*** Information supplied ***
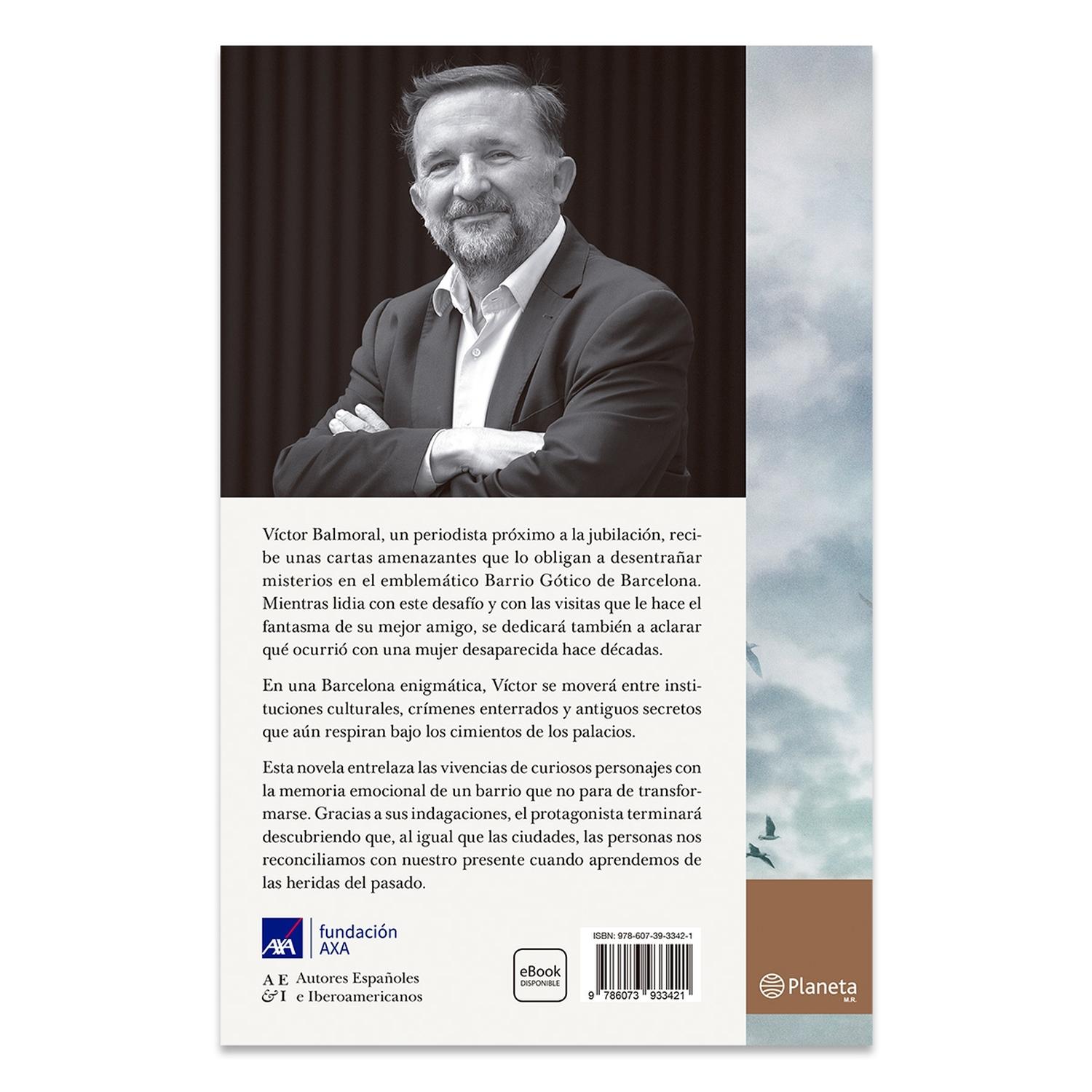 Descripción: Unas cartas anónimas, un cadáver oculto y una ciudad que nunca olvida: Misterio en el Barrio Gótico La novela de Sergio Vila-Sanjuán que recorre el alma secreta de Barcelona Víctor Balmoral, un periodista próximo a la jubilación, recibe unas cartas amenazantes que lo empujan a desentrañar misterios en el emblemático Barrio Gótico de Barcelona. Mientras lidia con este desafío y con las visitas que le hace el fantasma de su mejor amigo, se dedicará también a aclarar qué ocurrió con una mujer desaparecida hace décadas. En una Barcelona enigmática, Víctor se moverá entre instituciones culturales, crímenes enterrados y antiguos secretos que aún respiran bajo los cimientos de los palacios. Esta novela entrelaza las vivencias de curiosos personajes con la memoria emocional de un barrio que no para de transformarse. Gracias a sus indagaciones, el protagonista terminará descubriendo que, al igual que las ciudades, las personas nos reconciliamos con nuestro presente cuando aprendemos de las heridas del pasado.
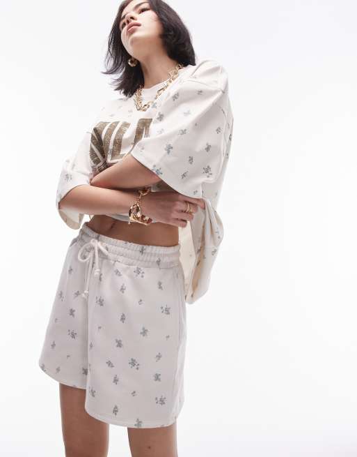 Topshop ditsy floral print sweat shorts in ecru - part of a set
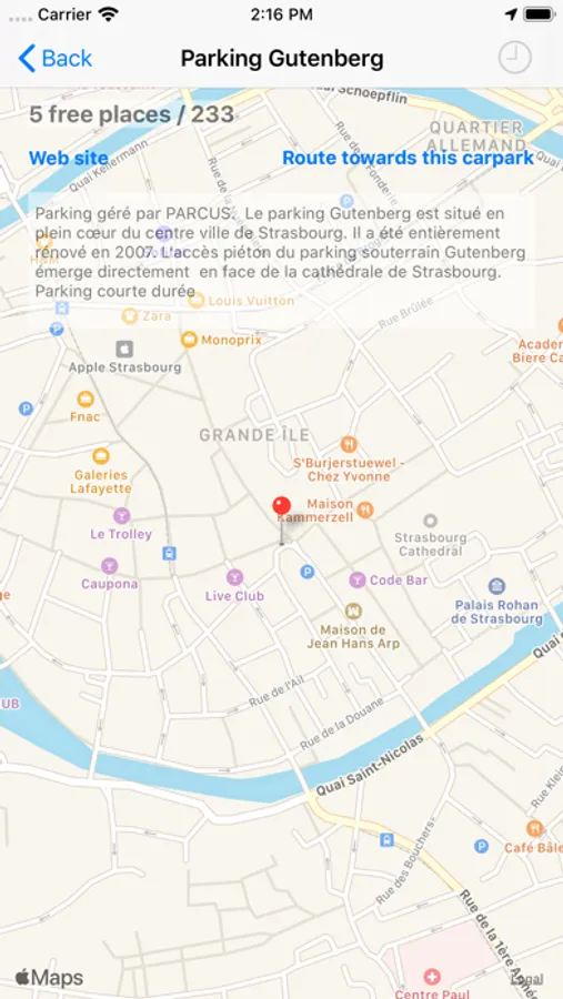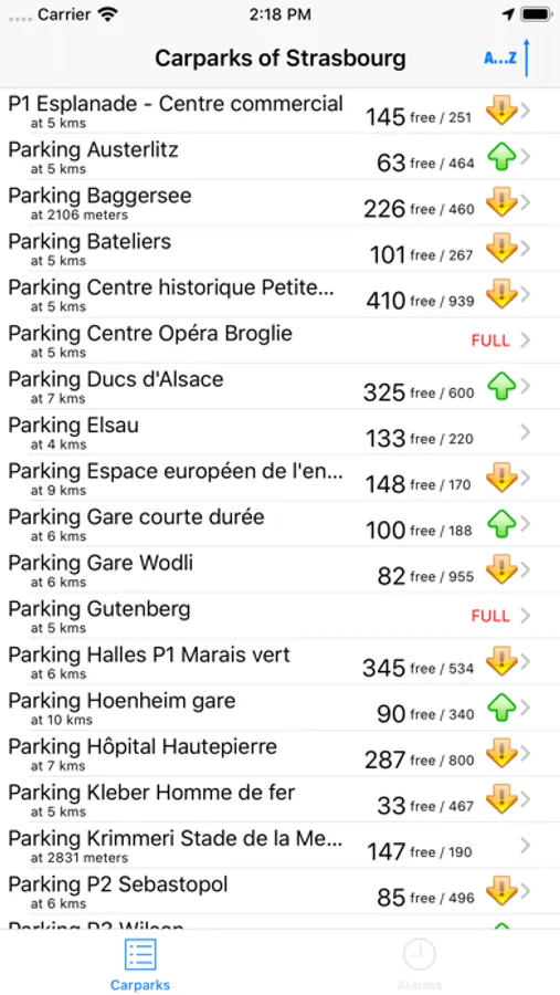 Lists of carparks of Strasbourg, their occupation and their position on the card.
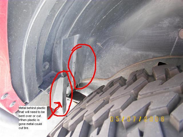 I have Goodyear LT 315/75R16's and they rub the sway bar at full lock and the front portion of the rear fender liners at full compression.
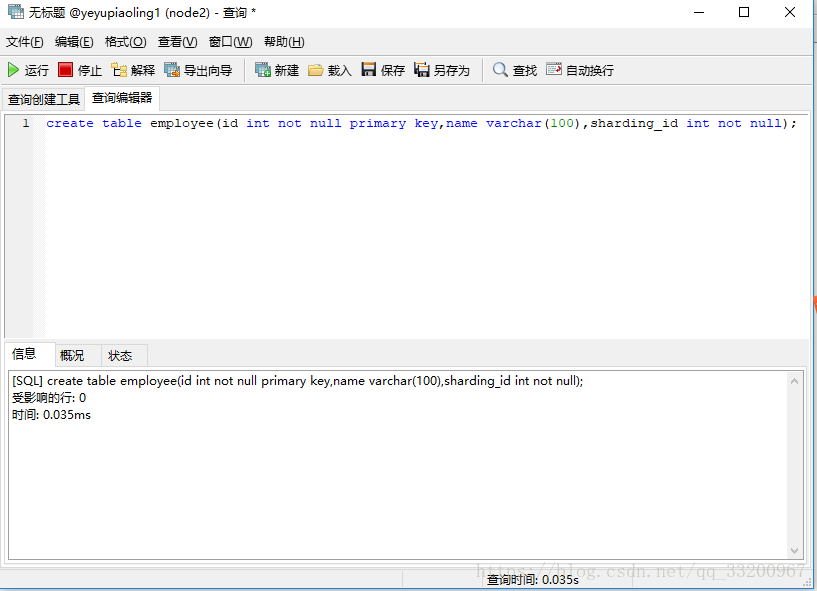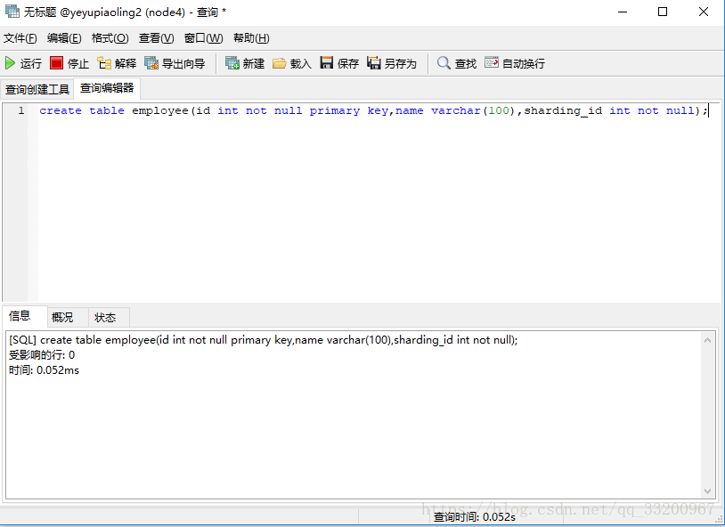 然后在node4的yeyupiaoling2数据库上创建一张employee表,同样的执行方式,就不重复介绍了。
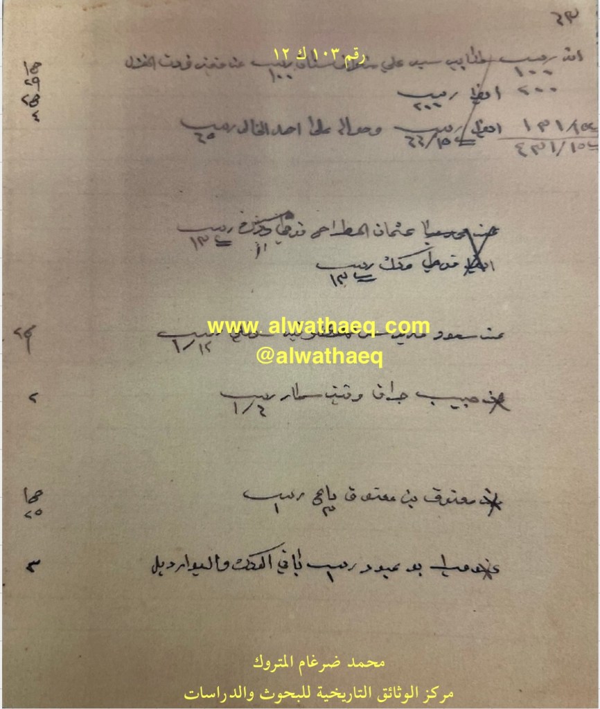 كشف حساب سنة ١٩١٣ م من دفاتر التاجر محمد بن عبدالله المتروك الاسماء التي ذكرت🚩: زعيل بن رومي / عبدالله بن حسن / سعيد العطيبي / راشد ولد ابراهيم برشود ( الرشود ) / محمد بن حقان / علي العجمي / عيسى مجيمي ( المكيمي ) / سعد الحمار / صالح بن جوهر / جاسم الدبوس / يعقوب معيلي / عبدالله سليمان / بن حكان / ولد عبداللطيف بن عيسى
*** End of Information supplied ***
* [Work item]:
Give back exactly the lines from the one containing "然后在node4的yeyup" to the final line of the entries, both included, and no picture.

* [Written response]:
 然后在node4的yeyupiaoling2数据库上创建一张employee表,同样的执行方式,就不重复介绍了。
 كشف حساب سنة ١٩١٣ م من دفاتر التاجر محمد بن عبدالله المتروك الاسماء التي ذكرت🚩: زعيل بن رومي / عبدالله بن حسن / سعيد العطيبي / راشد ولد ابراهيم برشود ( الرشود ) / محمد بن حقان / علي العجمي / عيسى مجيمي ( المكيمي ) / سعد الحمار / صالح بن جوهر / جاسم الدبوس / يعقوب معيلي / عبدالله سليمان / بن حكان / ولد عبداللطيف بن عيسى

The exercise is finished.